P4DTI issue job000827

TitleP4DTI test suite with PyXML 0.8.3 fails without XHTML DTD file
Statusclosed
Priorityessential
Assigned userNick Barnes
OrganizationRavenbrook
DescriptionThe P4DTI test suite uses Python's XML libraries and PyXML extensions to check the XHTML documentation which forms part of the P4DTI product sources (e.g. manuals, design documents, etc).

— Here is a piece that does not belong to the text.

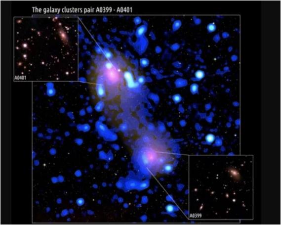 “阿貝爾0399”和“阿貝爾0401”距離地球大約10億光年,是兩個(gè)相鄰的星系團(tuán),星系團(tuán)是有數(shù)百乃至數(shù)千個(gè)星系在引力作用下聚集在一起形成的集合體。在未來(lái)的數(shù)十億年內(nèi),這兩個(gè)巨大的龐然大物將有可能發(fā)生碰撞。目前這兩者之間距離大約1000萬(wàn)光年,由前文提到的一道長(zhǎng)長(zhǎng)的等離子體橋梁連接。

When used with PyXML 0.8.3 (unlike PyXML 0.7.x), this part of the test suite fails because it can't the XHTML DTD named in the doctype element.
The failure is reported in various ways, but the underlying error is this:
ValueError: unknown url type: /tmp/DTD/xhtml1-transitional.dtd
AnalysisA full backtrace of the failure looks like this:
 File "check_xhtml.py", line 1054, in check
   xml.sax.parse(path_or_stream, self, self)
 File "/usr/local/lib/python2.2/site-packages/_xmlplus/sax/__init__.py", line 31, in parse
   parser.parse(filename_or_stream)
 File "/usr/local/lib/python2.2/site-packages/_xmlplus/sax/expatreader.py", line 109, in parse
   xmlreader.IncrementalParser.parse(self, source)
 File "/usr/local/lib/python2.2/site-packages/_xmlplus/sax/xmlreader.py", line 123, in parse
   self.feed(buffer)
 File "/usr/local/lib/python2.2/site-packages/_xmlplus/sax/expatreader.py", line 216, in feed
   self._parser.Parse(data, isFinal)
 File "/usr/local/lib/python2.2/site-packages/_xmlplus/sax/expatreader.py", line 395, in external_entity_ref
   self._source.getSystemId() or
 File "/usr/local/lib/python2.2/site-packages/_xmlplus/sax/saxutils.py", line 515, in prepare_input_source
   f = urllib2.urlopen(source.getSystemId())
 File "/usr/local/lib/python2.2/urllib2.py", line 138, in urlopen
   return _opener.open(url, data)
 File "/usr/local/lib/python2.2/urllib2.py", line 320, in open
   type_ = req.get_type()
 File "/usr/local/lib/python2.2/urllib2.py", line 224, in get_type
   raise ValueError, "unknown url type: %s" % self.__original
ValueError: unknown url type: /tmp/DTD/xhtml1-transitional.dtd
The problem is that the default XML parser (expatreader) provided by the PyXML library wants to access the DTD entity. In principle this is controllable by setting a parameter _parser.SetParamEntityParsing() or by a parser feature switch (xml.sax.make_parser().setFeature(xml.sax.handler.feature_external_ges, 0).
Note that the XML parser doesn't care about the content of the DTD. The actual parsing is driven by the XML SAX handler which we provide. Providing an empty file in the location DTD/xhtml1-transitional.dtd fixes this problem, but it is better to turn off this parsing feature.
How foundautomated_test
EvidenceRun the test!
Observed in2.0.0
Introduced in1.1.4
Created byNick Barnes
Created on2003-12-02 15:01:06
Last modified byNick Barnes
Last modified on2003-12-02 15:05:12
History2003-12-02 NB Created.

Fixes

Change Effect Date User Description
66825 closed 2003-12-02 15:04:55 Nick Barnes Explicitly make an XML parser when we parse, so that we can turn off external entity reading.